*Required action*. Please retype the data below line for line and leave out every picture.

[Entries taken from a collection]

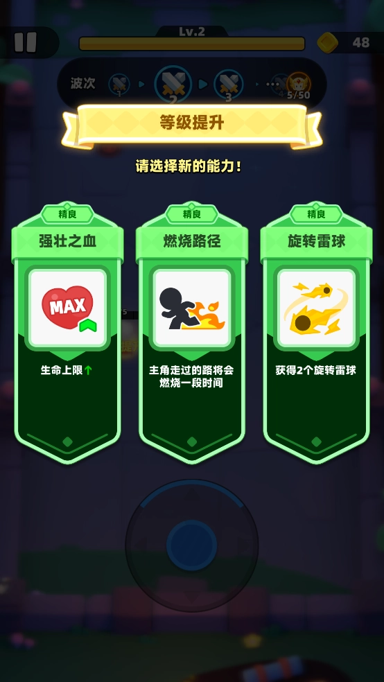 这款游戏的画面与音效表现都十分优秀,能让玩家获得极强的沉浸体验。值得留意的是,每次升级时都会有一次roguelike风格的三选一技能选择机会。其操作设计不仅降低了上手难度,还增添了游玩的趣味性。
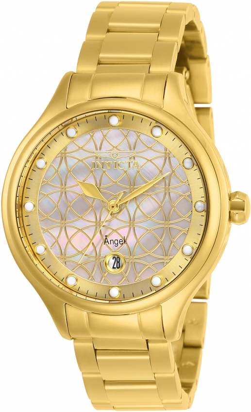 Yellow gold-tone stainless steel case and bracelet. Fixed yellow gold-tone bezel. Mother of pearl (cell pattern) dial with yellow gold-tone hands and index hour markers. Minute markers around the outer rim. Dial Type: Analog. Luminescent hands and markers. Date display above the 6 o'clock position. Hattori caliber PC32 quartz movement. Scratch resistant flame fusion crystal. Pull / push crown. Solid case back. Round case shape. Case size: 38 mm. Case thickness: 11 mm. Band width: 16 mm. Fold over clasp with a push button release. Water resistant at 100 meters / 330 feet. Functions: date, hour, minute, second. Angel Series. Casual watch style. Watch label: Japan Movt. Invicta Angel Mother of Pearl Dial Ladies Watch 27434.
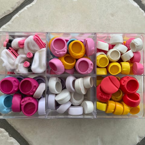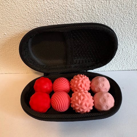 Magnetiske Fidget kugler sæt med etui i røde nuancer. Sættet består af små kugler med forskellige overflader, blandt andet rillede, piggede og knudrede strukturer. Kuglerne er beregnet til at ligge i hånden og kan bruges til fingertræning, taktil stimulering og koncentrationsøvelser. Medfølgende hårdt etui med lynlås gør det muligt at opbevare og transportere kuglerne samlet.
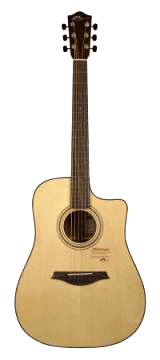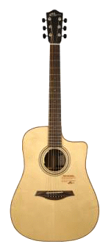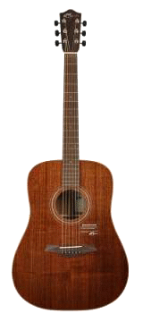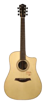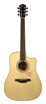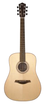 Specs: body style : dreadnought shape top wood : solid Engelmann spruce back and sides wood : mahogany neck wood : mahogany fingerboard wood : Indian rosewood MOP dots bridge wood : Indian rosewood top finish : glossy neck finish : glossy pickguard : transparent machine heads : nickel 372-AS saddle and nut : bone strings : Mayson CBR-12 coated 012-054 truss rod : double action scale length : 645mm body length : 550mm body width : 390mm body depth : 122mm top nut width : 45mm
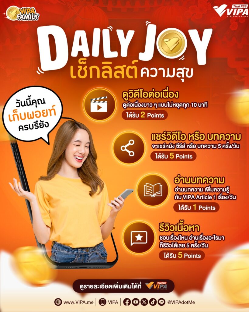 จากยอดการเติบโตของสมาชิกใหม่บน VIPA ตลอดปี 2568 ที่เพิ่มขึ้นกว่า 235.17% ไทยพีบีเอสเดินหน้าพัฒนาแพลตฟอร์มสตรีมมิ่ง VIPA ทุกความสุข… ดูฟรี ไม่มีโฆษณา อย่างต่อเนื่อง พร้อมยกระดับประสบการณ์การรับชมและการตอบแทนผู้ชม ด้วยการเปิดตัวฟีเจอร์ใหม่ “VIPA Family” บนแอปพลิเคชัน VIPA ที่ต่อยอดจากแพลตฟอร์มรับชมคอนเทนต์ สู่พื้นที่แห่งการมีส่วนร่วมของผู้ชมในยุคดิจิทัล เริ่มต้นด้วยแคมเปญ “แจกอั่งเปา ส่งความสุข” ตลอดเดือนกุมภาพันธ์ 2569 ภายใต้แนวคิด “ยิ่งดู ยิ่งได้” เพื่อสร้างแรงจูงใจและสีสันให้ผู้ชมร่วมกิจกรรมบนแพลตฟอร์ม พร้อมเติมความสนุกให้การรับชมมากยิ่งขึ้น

*Finished task*.
 这款游戏的画面与音效表现都十分优秀,能让玩家获得极强的沉浸体验。值得留意的是,每次升级时都会有一次roguelike风格的三选一技能选择机会。其操作设计不仅降低了上手难度,还增添了游玩的趣味性。
 Yellow gold-tone stainless steel case and bracelet. Fixed yellow gold-tone bezel. Mother of pearl (cell pattern) dial with yellow gold-tone hands and index hour markers. Minute markers around the outer rim. Dial Type: Analog. Luminescent hands and markers. Date display above the 6 o'clock position. Hattori caliber PC32 quartz movement. Scratch resistant flame fusion crystal. Pull / push crown. Solid case back. Round case shape. Case size: 38 mm. Case thickness: 11 mm. Band width: 16 mm. Fold over clasp with a push button release. Water resistant at 100 meters / 330 feet. Functions: date, hour, minute, second. Angel Series. Casual watch style. Watch label: Japan Movt. Invicta Angel Mother of Pearl Dial Ladies Watch 27434.
 Magnetiske Fidget kugler sæt med etui i røde nuancer. Sættet består af små kugler med forskellige overflader, blandt andet rillede, piggede og knudrede strukturer. Kuglerne er beregnet til at ligge i hånden og kan bruges til fingertræning, taktil stimulering og koncentrationsøvelser. Medfølgende hårdt etui med lynlås gør det muligt at opbevare og transportere kuglerne samlet.
 Specs: body style : dreadnought shape top wood : solid Engelmann spruce back and sides wood : mahogany neck wood : mahogany fingerboard wood : Indian rosewood MOP dots bridge wood : Indian rosewood top finish : glossy neck finish : glossy pickguard : transparent machine heads : nickel 372-AS saddle and nut : bone strings : Mayson CBR-12 coated 012-054 truss rod : double action scale length : 645mm body length : 550mm body width : 390mm body depth : 122mm top nut width : 45mm
 จากยอดการเติบโตของสมาชิกใหม่บน VIPA ตลอดปี 2568 ที่เพิ่มขึ้นกว่า 235.17% ไทยพีบีเอสเดินหน้าพัฒนาแพลตฟอร์มสตรีมมิ่ง VIPA ทุกความสุข… ดูฟรี ไม่มีโฆษณา อย่างต่อเนื่อง พร้อมยกระดับประสบการณ์การรับชมและการตอบแทนผู้ชม ด้วยการเปิดตัวฟีเจอร์ใหม่ “VIPA Family” บนแอปพลิเคชัน VIPA ที่ต่อยอดจากแพลตฟอร์มรับชมคอนเทนต์ สู่พื้นที่แห่งการมีส่วนร่วมของผู้ชมในยุคดิจิทัล เริ่มต้นด้วยแคมเปญ “แจกอั่งเปา ส่งความสุข” ตลอดเดือนกุมภาพันธ์ 2569 ภายใต้แนวคิด “ยิ่งดู ยิ่งได้” เพื่อสร้างแรงจูงใจและสีสันให้ผู้ชมร่วมกิจกรรมบนแพลตฟอร์ม พร้อมเติมความสนุกให้การรับชมมากยิ่งขึ้น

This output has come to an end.